Work task –
Could you retype the lines below, starting at the line holding "Arte em madeira" and stopping at the line holding "Subjektivně bývá pociťováno", inclusive? Copy them exactly and drop the images.

Exercise data –
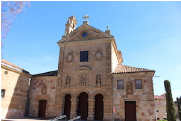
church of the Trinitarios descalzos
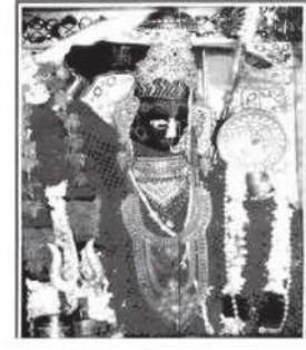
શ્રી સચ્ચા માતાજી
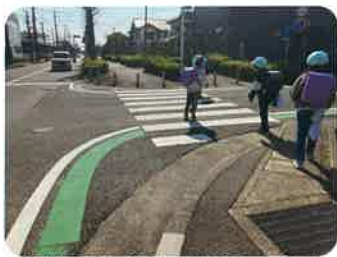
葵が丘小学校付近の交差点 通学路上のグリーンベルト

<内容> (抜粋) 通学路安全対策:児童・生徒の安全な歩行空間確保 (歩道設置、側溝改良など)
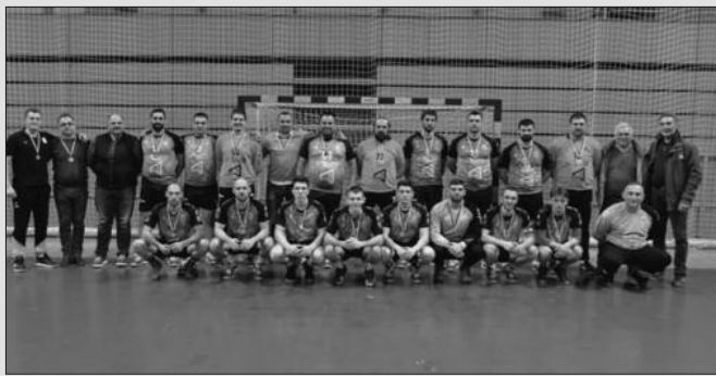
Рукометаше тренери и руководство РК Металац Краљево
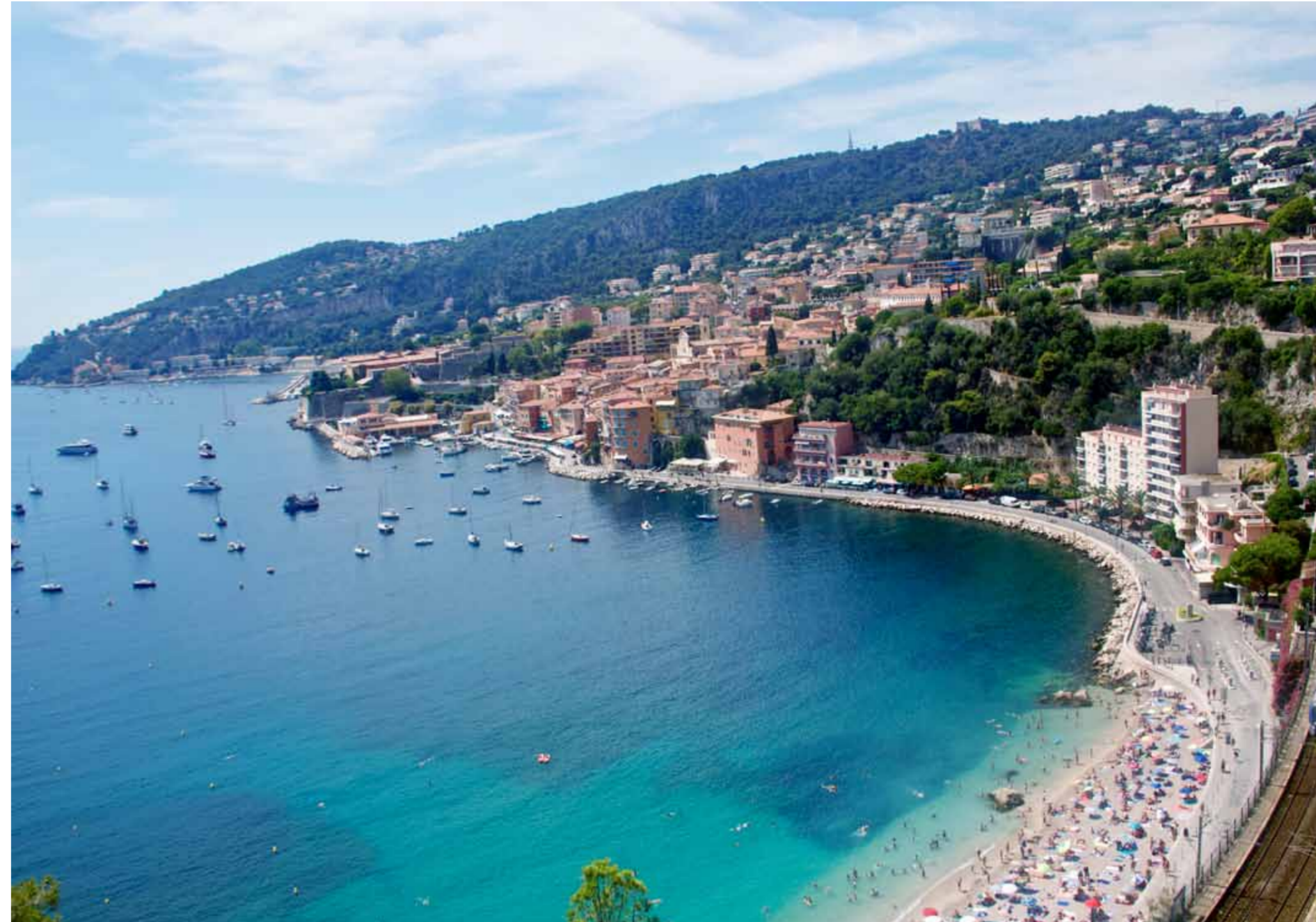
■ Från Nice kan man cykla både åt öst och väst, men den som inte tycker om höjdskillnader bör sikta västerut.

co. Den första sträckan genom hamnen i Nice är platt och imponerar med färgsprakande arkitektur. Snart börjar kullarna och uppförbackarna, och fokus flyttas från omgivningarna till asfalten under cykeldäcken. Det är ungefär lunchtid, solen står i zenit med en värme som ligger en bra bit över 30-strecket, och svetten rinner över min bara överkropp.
--
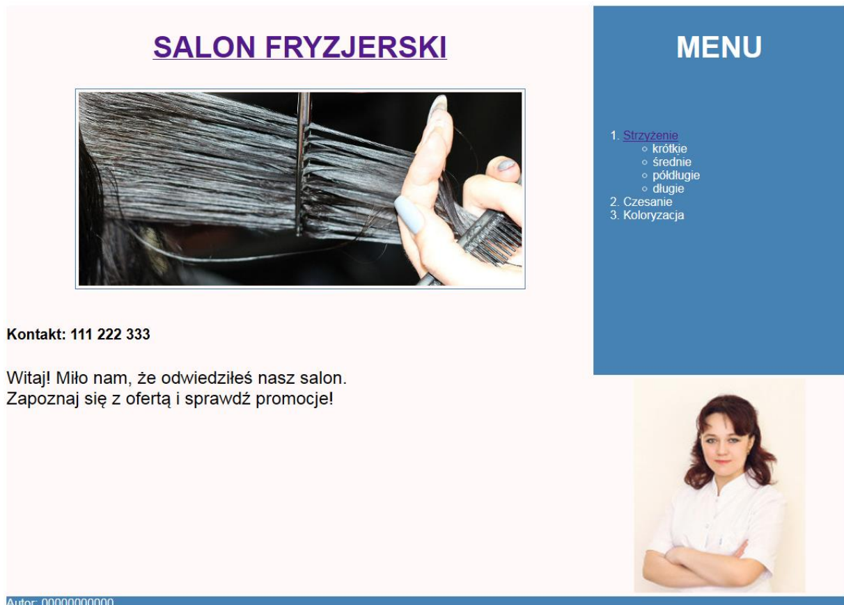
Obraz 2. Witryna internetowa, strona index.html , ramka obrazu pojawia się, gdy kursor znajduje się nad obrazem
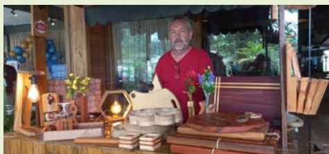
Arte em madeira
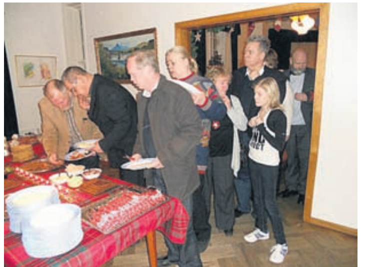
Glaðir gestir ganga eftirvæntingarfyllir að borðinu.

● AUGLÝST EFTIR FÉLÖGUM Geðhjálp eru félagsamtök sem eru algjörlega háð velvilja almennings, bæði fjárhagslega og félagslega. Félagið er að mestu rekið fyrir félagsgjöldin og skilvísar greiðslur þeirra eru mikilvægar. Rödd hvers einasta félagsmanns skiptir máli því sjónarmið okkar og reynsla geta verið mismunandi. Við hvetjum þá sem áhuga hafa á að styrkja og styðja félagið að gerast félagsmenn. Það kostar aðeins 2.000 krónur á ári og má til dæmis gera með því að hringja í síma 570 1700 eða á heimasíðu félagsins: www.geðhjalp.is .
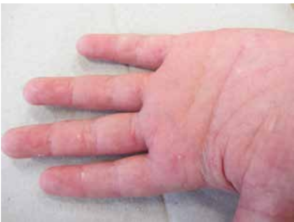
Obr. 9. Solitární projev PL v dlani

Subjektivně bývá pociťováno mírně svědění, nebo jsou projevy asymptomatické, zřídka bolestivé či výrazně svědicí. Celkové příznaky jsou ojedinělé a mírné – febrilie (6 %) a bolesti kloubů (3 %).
* * *
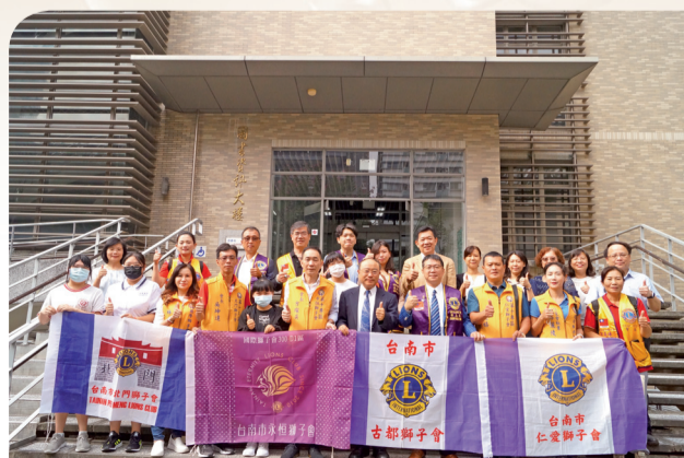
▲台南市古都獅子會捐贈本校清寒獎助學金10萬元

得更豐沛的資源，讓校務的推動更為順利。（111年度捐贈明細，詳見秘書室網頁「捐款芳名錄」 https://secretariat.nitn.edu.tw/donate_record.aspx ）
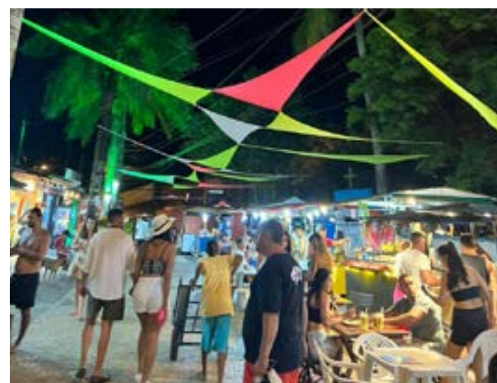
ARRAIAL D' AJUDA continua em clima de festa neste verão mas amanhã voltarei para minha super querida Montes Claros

Result of the task –
Arte em madeira
Glaðir gestir ganga eftirvæntingarfyllir að borðinu.

● AUGLÝST EFTIR FÉLÖGUM Geðhjálp eru félagsamtök sem eru algjörlega háð velvilja almennings, bæði fjárhagslega og félagslega. Félagið er að mestu rekið fyrir félagsgjöldin og skilvísar greiðslur þeirra eru mikilvægar. Rödd hvers einasta félagsmanns skiptir máli því sjónarmið okkar og reynsla geta verið mismunandi. Við hvetjum þá sem áhuga hafa á að styrkja og styðja félagið að gerast félagsmenn. Það kostar aðeins 2.000 krónur á ári og má til dæmis gera með því að hringja í síma 570 1700 eða á heimasíðu félagsins: www.geðhjalp.is .
Obr. 9. Solitární projev PL v dlani

Subjektivně bývá pociťováno mírně svědění, nebo jsou projevy asymptomatické, zřídka bolestivé či výrazně svědicí. Celkové příznaky jsou ojedinělé a mírné – febrilie (6 %) a bolesti kloubů (3 %).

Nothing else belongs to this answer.